* [Data]
•••••

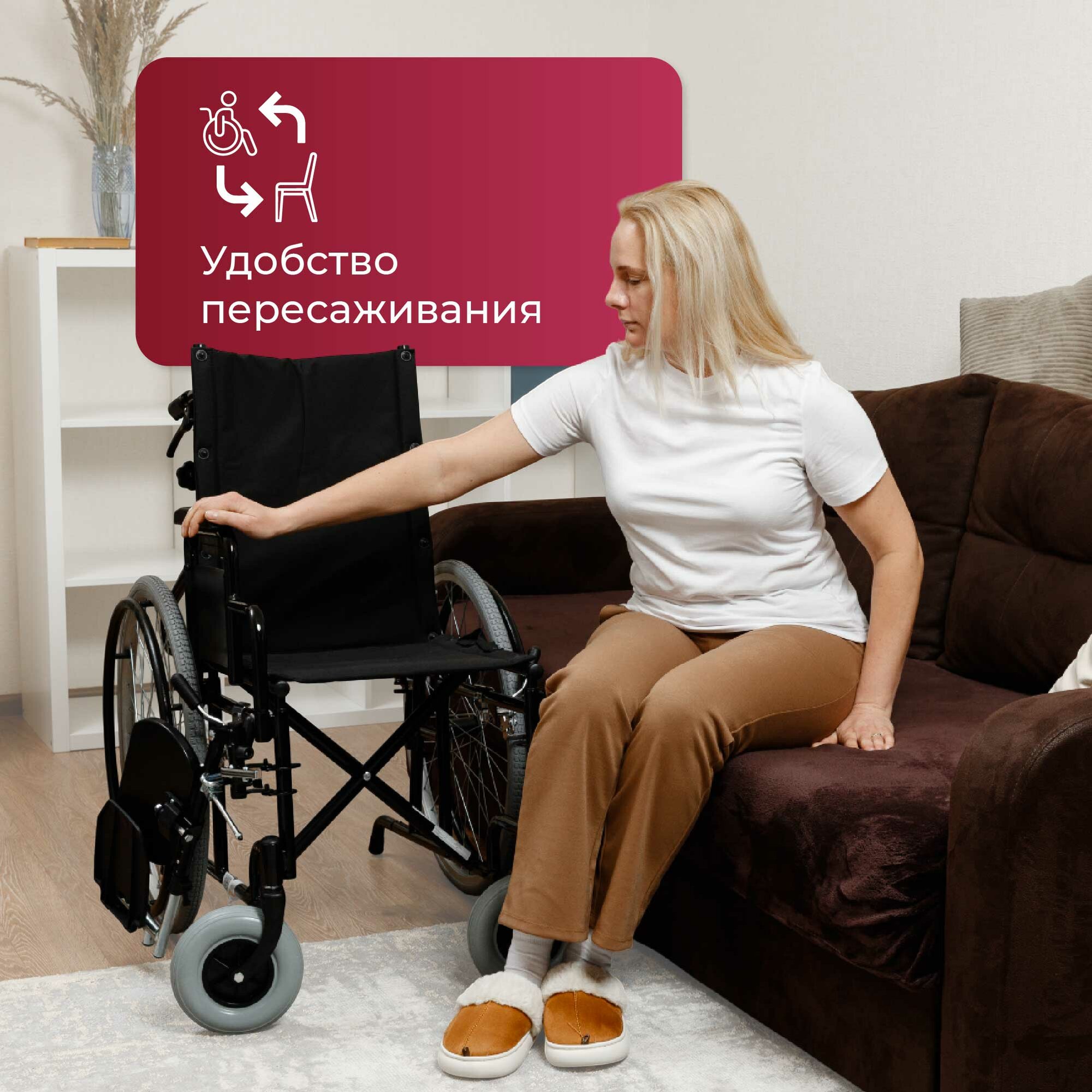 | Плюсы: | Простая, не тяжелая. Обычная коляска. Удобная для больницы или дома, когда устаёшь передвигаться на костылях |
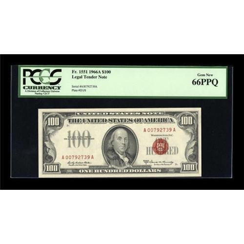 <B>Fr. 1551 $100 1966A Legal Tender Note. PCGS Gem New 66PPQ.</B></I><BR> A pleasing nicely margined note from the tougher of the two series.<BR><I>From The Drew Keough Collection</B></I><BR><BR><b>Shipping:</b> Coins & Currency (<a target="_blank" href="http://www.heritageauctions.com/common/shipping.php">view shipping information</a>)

•••••

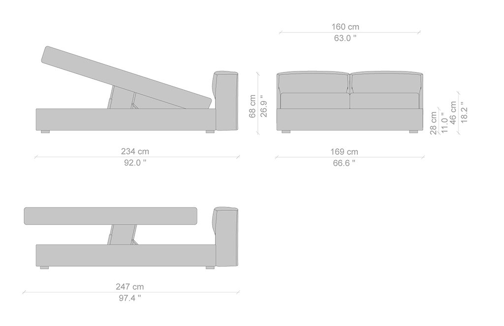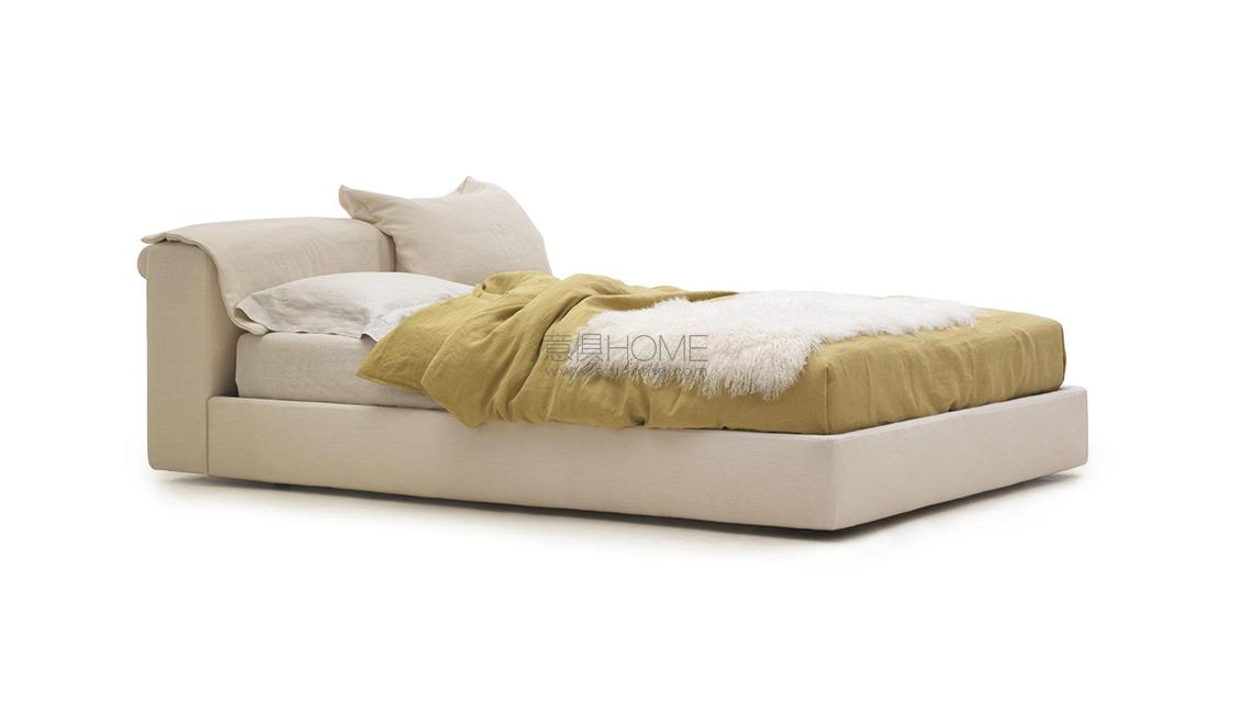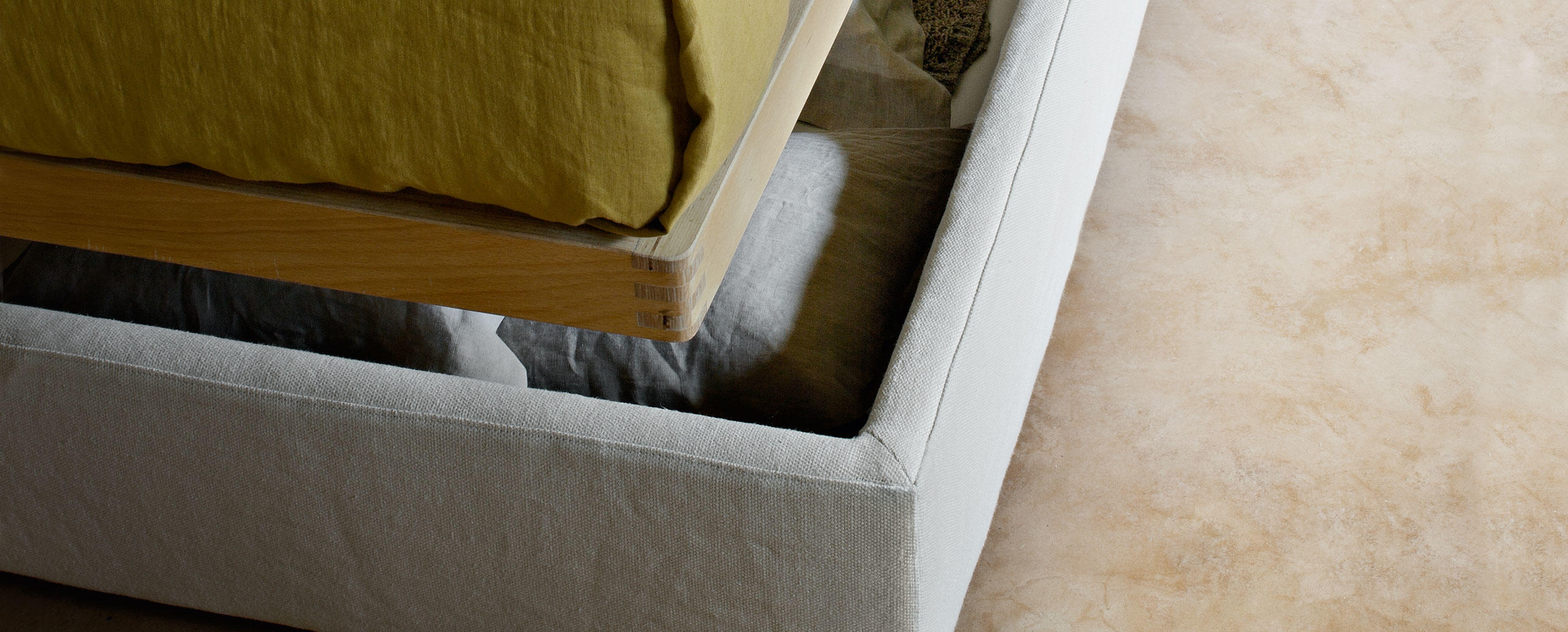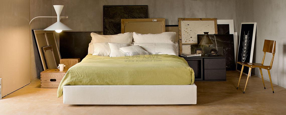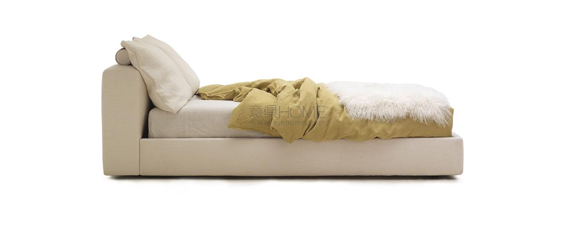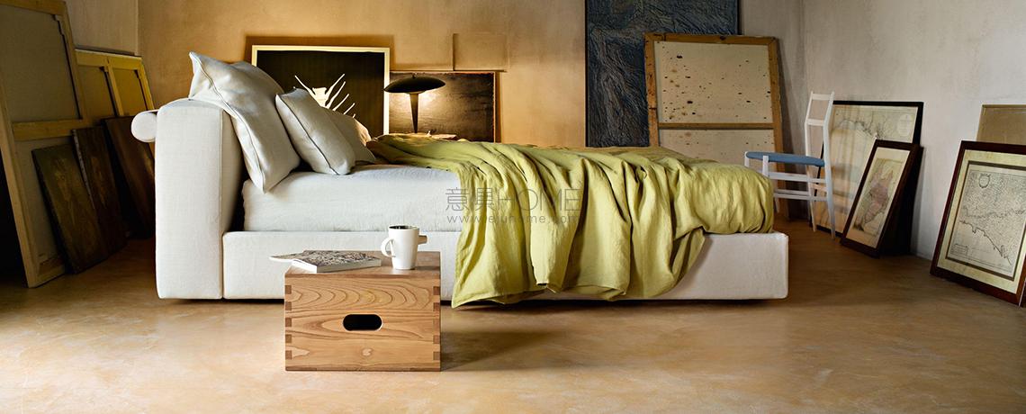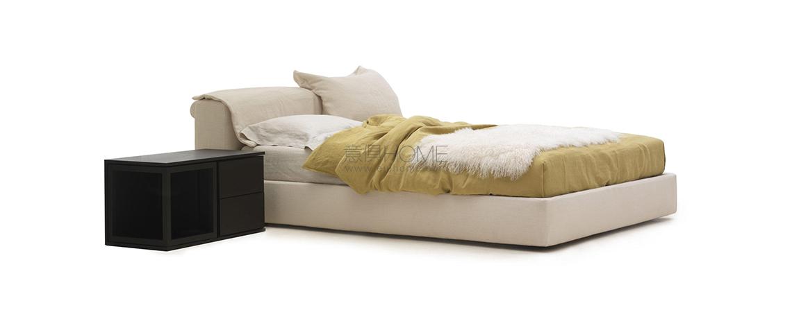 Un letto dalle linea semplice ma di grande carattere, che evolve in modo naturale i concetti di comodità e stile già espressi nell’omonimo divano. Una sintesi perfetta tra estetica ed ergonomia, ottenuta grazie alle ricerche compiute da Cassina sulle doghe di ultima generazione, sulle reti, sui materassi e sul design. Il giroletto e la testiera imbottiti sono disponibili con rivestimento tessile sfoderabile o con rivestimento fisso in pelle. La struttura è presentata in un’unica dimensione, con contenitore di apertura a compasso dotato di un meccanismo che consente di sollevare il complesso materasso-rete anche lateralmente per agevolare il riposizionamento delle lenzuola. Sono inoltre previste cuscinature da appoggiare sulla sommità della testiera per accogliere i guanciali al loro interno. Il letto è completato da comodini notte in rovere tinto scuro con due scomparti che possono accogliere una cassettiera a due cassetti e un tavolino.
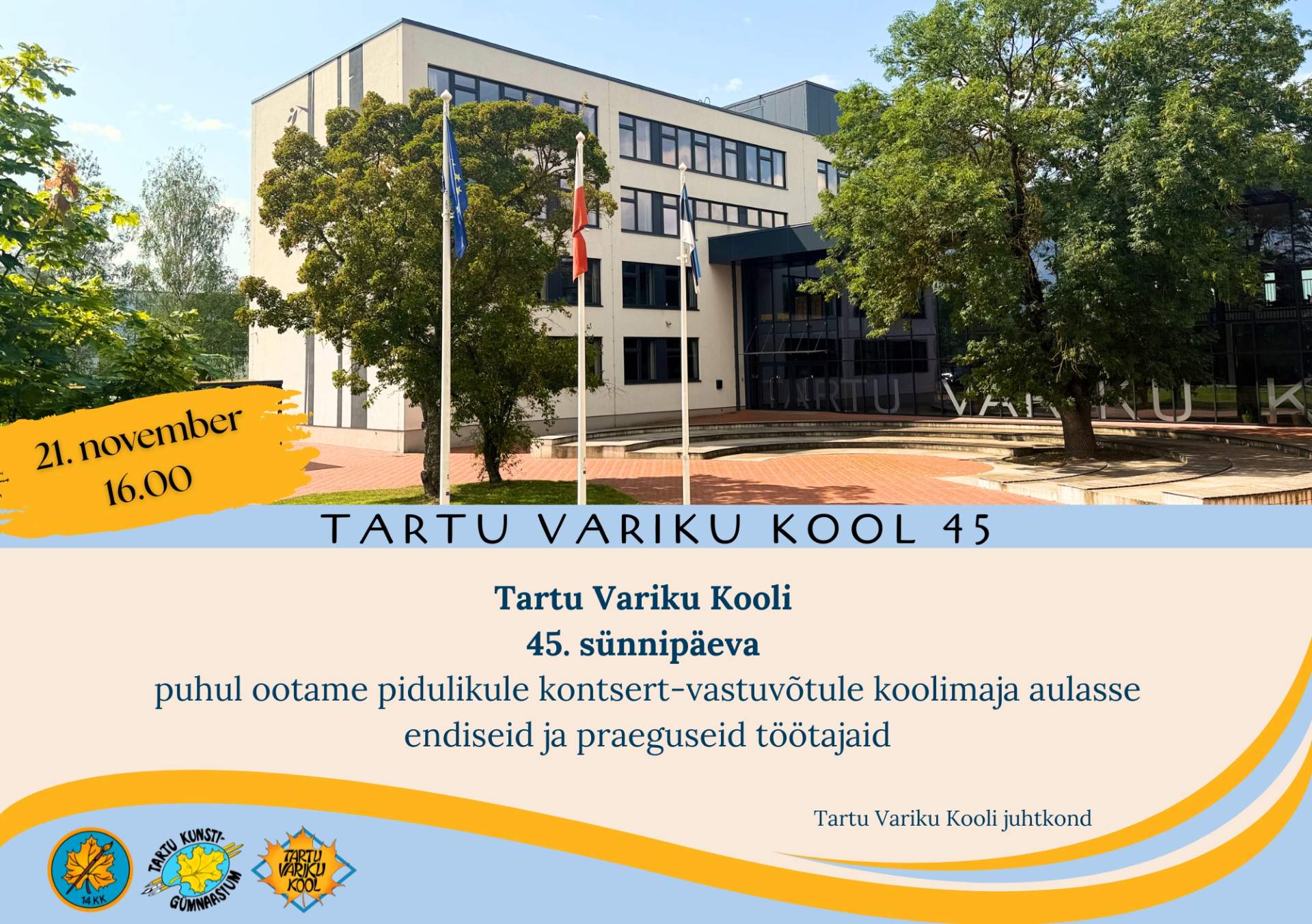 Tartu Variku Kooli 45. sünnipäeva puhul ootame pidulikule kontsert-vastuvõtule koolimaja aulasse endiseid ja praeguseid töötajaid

•••••

Pictures excluded, reproduce only the part above that opens with the line holding "на костылях |" and closes with the line holding "<B>Fr. 1551 $100", exactly as written.

* [Answer box]
 | Плюсы: | Простая, не тяжелая. Обычная коляска. Удобная для больницы или дома, когда устаёшь передвигаться на костылях |
 <B>Fr. 1551 $100 1966A Legal Tender Note. PCGS Gem New 66PPQ.</B></I><BR> A pleasing nicely margined note from the tougher of the two series.<BR><I>From The Drew Keough Collection</B></I><BR><BR><b>Shipping:</b> Coins & Currency (<a target="_blank" href="http://www.heritageauctions.com/common/shipping.php">view shipping information</a>)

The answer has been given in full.